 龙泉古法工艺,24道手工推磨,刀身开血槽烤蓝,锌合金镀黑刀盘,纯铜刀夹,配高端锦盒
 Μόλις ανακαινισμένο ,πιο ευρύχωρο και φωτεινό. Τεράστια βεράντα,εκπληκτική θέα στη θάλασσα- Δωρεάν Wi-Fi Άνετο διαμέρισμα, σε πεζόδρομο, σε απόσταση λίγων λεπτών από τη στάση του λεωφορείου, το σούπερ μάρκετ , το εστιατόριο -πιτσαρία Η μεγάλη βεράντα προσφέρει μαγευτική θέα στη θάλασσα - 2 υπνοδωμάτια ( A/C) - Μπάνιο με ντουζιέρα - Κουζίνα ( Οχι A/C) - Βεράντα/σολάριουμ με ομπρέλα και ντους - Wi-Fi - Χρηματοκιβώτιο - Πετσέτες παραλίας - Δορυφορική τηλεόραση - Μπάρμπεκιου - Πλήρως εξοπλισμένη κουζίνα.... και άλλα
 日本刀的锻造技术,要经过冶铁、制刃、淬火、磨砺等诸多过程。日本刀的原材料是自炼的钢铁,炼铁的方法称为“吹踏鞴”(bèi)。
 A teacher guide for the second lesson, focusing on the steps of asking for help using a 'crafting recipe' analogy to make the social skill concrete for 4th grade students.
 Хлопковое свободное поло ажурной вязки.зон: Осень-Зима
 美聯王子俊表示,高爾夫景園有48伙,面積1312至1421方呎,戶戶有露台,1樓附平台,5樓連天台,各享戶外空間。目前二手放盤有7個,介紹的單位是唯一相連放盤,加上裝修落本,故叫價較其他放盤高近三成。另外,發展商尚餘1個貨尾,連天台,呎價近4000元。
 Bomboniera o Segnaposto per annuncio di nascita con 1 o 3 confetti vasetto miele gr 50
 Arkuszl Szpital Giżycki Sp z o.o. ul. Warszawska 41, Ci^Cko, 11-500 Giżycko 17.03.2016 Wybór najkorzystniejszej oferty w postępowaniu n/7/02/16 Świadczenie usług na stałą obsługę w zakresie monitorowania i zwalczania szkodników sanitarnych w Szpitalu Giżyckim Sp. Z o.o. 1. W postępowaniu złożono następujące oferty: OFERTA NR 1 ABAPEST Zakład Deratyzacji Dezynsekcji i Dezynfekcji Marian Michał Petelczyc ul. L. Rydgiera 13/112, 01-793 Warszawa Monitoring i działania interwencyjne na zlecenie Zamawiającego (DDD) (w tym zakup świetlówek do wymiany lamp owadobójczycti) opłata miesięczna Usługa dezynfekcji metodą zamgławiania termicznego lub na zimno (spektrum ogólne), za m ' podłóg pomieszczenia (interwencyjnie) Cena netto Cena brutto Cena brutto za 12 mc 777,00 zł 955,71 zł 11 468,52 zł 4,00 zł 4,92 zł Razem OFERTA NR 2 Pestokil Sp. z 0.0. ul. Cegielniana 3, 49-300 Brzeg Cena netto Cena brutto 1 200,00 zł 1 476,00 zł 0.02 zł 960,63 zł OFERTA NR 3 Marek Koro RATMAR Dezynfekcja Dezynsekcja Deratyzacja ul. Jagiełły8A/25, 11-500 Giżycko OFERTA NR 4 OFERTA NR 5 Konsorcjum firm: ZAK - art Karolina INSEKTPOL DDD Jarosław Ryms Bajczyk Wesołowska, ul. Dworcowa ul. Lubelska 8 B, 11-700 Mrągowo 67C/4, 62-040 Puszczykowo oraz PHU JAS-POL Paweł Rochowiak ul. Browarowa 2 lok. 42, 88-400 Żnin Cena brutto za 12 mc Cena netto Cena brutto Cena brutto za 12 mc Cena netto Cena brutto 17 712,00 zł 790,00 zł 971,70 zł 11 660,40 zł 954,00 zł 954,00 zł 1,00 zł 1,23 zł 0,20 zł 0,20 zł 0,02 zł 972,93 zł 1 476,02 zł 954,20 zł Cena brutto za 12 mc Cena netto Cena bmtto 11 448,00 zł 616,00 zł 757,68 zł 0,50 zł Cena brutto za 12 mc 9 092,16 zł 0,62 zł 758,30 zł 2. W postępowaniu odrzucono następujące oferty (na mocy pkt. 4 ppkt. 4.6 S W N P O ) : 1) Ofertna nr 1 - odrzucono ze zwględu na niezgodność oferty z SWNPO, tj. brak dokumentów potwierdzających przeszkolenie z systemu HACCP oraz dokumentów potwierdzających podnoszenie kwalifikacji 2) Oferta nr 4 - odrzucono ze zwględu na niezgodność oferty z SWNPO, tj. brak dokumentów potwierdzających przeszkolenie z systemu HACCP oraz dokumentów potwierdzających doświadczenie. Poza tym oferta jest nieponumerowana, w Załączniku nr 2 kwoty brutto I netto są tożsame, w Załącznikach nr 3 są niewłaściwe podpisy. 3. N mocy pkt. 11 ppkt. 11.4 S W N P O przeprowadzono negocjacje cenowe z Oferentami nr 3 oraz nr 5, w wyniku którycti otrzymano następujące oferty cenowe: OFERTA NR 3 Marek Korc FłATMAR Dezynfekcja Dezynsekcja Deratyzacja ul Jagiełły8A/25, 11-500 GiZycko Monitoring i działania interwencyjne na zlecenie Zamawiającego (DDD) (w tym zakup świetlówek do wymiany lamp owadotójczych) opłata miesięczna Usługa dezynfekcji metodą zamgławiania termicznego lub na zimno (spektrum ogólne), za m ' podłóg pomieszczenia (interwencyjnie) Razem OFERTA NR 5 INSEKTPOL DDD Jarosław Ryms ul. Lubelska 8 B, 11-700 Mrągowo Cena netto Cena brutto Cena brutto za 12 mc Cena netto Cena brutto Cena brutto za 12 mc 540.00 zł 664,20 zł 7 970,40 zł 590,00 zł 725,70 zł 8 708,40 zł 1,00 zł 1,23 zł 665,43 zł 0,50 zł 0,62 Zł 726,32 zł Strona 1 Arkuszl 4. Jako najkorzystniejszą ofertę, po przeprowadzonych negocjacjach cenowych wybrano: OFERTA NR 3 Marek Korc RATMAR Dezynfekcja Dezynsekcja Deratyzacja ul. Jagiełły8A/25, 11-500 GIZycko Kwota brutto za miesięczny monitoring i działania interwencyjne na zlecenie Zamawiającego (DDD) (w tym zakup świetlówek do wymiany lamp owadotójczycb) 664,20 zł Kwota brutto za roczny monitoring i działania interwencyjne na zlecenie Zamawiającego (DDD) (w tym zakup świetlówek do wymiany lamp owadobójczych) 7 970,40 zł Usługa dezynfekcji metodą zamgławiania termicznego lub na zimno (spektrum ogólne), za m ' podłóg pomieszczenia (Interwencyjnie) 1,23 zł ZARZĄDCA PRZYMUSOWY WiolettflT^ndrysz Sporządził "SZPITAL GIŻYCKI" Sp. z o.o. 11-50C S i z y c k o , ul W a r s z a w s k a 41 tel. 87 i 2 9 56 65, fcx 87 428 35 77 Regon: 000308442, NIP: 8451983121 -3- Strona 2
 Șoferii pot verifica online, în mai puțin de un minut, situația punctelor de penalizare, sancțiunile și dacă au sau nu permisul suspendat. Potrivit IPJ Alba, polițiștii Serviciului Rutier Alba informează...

▶ Requirement
Word for word, set down all the lines above.

▶ The completed task
 龙泉古法工艺,24道手工推磨,刀身开血槽烤蓝,锌合金镀黑刀盘,纯铜刀夹,配高端锦盒
 Μόλις ανακαινισμένο ,πιο ευρύχωρο και φωτεινό. Τεράστια βεράντα,εκπληκτική θέα στη θάλασσα- Δωρεάν Wi-Fi Άνετο διαμέρισμα, σε πεζόδρομο, σε απόσταση λίγων λεπτών από τη στάση του λεωφορείου, το σούπερ μάρκετ , το εστιατόριο -πιτσαρία Η μεγάλη βεράντα προσφέρει μαγευτική θέα στη θάλασσα - 2 υπνοδωμάτια ( A/C) - Μπάνιο με ντουζιέρα - Κουζίνα ( Οχι A/C) - Βεράντα/σολάριουμ με ομπρέλα και ντους - Wi-Fi - Χρηματοκιβώτιο - Πετσέτες παραλίας - Δορυφορική τηλεόραση - Μπάρμπεκιου - Πλήρως εξοπλισμένη κουζίνα.... και άλλα
 日本刀的锻造技术,要经过冶铁、制刃、淬火、磨砺等诸多过程。日本刀的原材料是自炼的钢铁,炼铁的方法称为“吹踏鞴”(bèi)。
 A teacher guide for the second lesson, focusing on the steps of asking for help using a 'crafting recipe' analogy to make the social skill concrete for 4th grade students.
 Хлопковое свободное поло ажурной вязки.зон: Осень-Зима
 美聯王子俊表示,高爾夫景園有48伙,面積1312至1421方呎,戶戶有露台,1樓附平台,5樓連天台,各享戶外空間。目前二手放盤有7個,介紹的單位是唯一相連放盤,加上裝修落本,故叫價較其他放盤高近三成。另外,發展商尚餘1個貨尾,連天台,呎價近4000元。
 Bomboniera o Segnaposto per annuncio di nascita con 1 o 3 confetti vasetto miele gr 50
 Arkuszl Szpital Giżycki Sp z o.o. ul. Warszawska 41, Ci^Cko, 11-500 Giżycko 17.03.2016 Wybór najkorzystniejszej oferty w postępowaniu n/7/02/16 Świadczenie usług na stałą obsługę w zakresie monitorowania i zwalczania szkodników sanitarnych w Szpitalu Giżyckim Sp. Z o.o. 1. W postępowaniu złożono następujące oferty: OFERTA NR 1 ABAPEST Zakład Deratyzacji Dezynsekcji i Dezynfekcji Marian Michał Petelczyc ul. L. Rydgiera 13/112, 01-793 Warszawa Monitoring i działania interwencyjne na zlecenie Zamawiającego (DDD) (w tym zakup świetlówek do wymiany lamp owadobójczycti) opłata miesięczna Usługa dezynfekcji metodą zamgławiania termicznego lub na zimno (spektrum ogólne), za m ' podłóg pomieszczenia (interwencyjnie) Cena netto Cena brutto Cena brutto za 12 mc 777,00 zł 955,71 zł 11 468,52 zł 4,00 zł 4,92 zł Razem OFERTA NR 2 Pestokil Sp. z 0.0. ul. Cegielniana 3, 49-300 Brzeg Cena netto Cena brutto 1 200,00 zł 1 476,00 zł 0.02 zł 960,63 zł OFERTA NR 3 Marek Koro RATMAR Dezynfekcja Dezynsekcja Deratyzacja ul. Jagiełły8A/25, 11-500 Giżycko OFERTA NR 4 OFERTA NR 5 Konsorcjum firm: ZAK - art Karolina INSEKTPOL DDD Jarosław Ryms Bajczyk Wesołowska, ul. Dworcowa ul. Lubelska 8 B, 11-700 Mrągowo 67C/4, 62-040 Puszczykowo oraz PHU JAS-POL Paweł Rochowiak ul. Browarowa 2 lok. 42, 88-400 Żnin Cena brutto za 12 mc Cena netto Cena brutto Cena brutto za 12 mc Cena netto Cena brutto 17 712,00 zł 790,00 zł 971,70 zł 11 660,40 zł 954,00 zł 954,00 zł 1,00 zł 1,23 zł 0,20 zł 0,20 zł 0,02 zł 972,93 zł 1 476,02 zł 954,20 zł Cena brutto za 12 mc Cena netto Cena bmtto 11 448,00 zł 616,00 zł 757,68 zł 0,50 zł Cena brutto za 12 mc 9 092,16 zł 0,62 zł 758,30 zł 2. W postępowaniu odrzucono następujące oferty (na mocy pkt. 4 ppkt. 4.6 S W N P O ) : 1) Ofertna nr 1 - odrzucono ze zwględu na niezgodność oferty z SWNPO, tj. brak dokumentów potwierdzających przeszkolenie z systemu HACCP oraz dokumentów potwierdzających podnoszenie kwalifikacji 2) Oferta nr 4 - odrzucono ze zwględu na niezgodność oferty z SWNPO, tj. brak dokumentów potwierdzających przeszkolenie z systemu HACCP oraz dokumentów potwierdzających doświadczenie. Poza tym oferta jest nieponumerowana, w Załączniku nr 2 kwoty brutto I netto są tożsame, w Załącznikach nr 3 są niewłaściwe podpisy. 3. N mocy pkt. 11 ppkt. 11.4 S W N P O przeprowadzono negocjacje cenowe z Oferentami nr 3 oraz nr 5, w wyniku którycti otrzymano następujące oferty cenowe: OFERTA NR 3 Marek Korc FłATMAR Dezynfekcja Dezynsekcja Deratyzacja ul Jagiełły8A/25, 11-500 GiZycko Monitoring i działania interwencyjne na zlecenie Zamawiającego (DDD) (w tym zakup świetlówek do wymiany lamp owadotójczych) opłata miesięczna Usługa dezynfekcji metodą zamgławiania termicznego lub na zimno (spektrum ogólne), za m ' podłóg pomieszczenia (interwencyjnie) Razem OFERTA NR 5 INSEKTPOL DDD Jarosław Ryms ul. Lubelska 8 B, 11-700 Mrągowo Cena netto Cena brutto Cena brutto za 12 mc Cena netto Cena brutto Cena brutto za 12 mc 540.00 zł 664,20 zł 7 970,40 zł 590,00 zł 725,70 zł 8 708,40 zł 1,00 zł 1,23 zł 665,43 zł 0,50 zł 0,62 Zł 726,32 zł Strona 1 Arkuszl 4. Jako najkorzystniejszą ofertę, po przeprowadzonych negocjacjach cenowych wybrano: OFERTA NR 3 Marek Korc RATMAR Dezynfekcja Dezynsekcja Deratyzacja ul. Jagiełły8A/25, 11-500 GIZycko Kwota brutto za miesięczny monitoring i działania interwencyjne na zlecenie Zamawiającego (DDD) (w tym zakup świetlówek do wymiany lamp owadotójczycb) 664,20 zł Kwota brutto za roczny monitoring i działania interwencyjne na zlecenie Zamawiającego (DDD) (w tym zakup świetlówek do wymiany lamp owadobójczych) 7 970,40 zł Usługa dezynfekcji metodą zamgławiania termicznego lub na zimno (spektrum ogólne), za m ' podłóg pomieszczenia (Interwencyjnie) 1,23 zł ZARZĄDCA PRZYMUSOWY WiolettflT^ndrysz Sporządził "SZPITAL GIŻYCKI" Sp. z o.o. 11-50C S i z y c k o , ul W a r s z a w s k a 41 tel. 87 i 2 9 56 65, fcx 87 428 35 77 Regon: 000308442, NIP: 8451983121 -3- Strona 2
 Șoferii pot verifica online, în mai puțin de un minut, situația punctelor de penalizare, sancțiunile și dacă au sau nu permisul suspendat. Potrivit IPJ Alba, polițiștii Serviciului Rutier Alba informează...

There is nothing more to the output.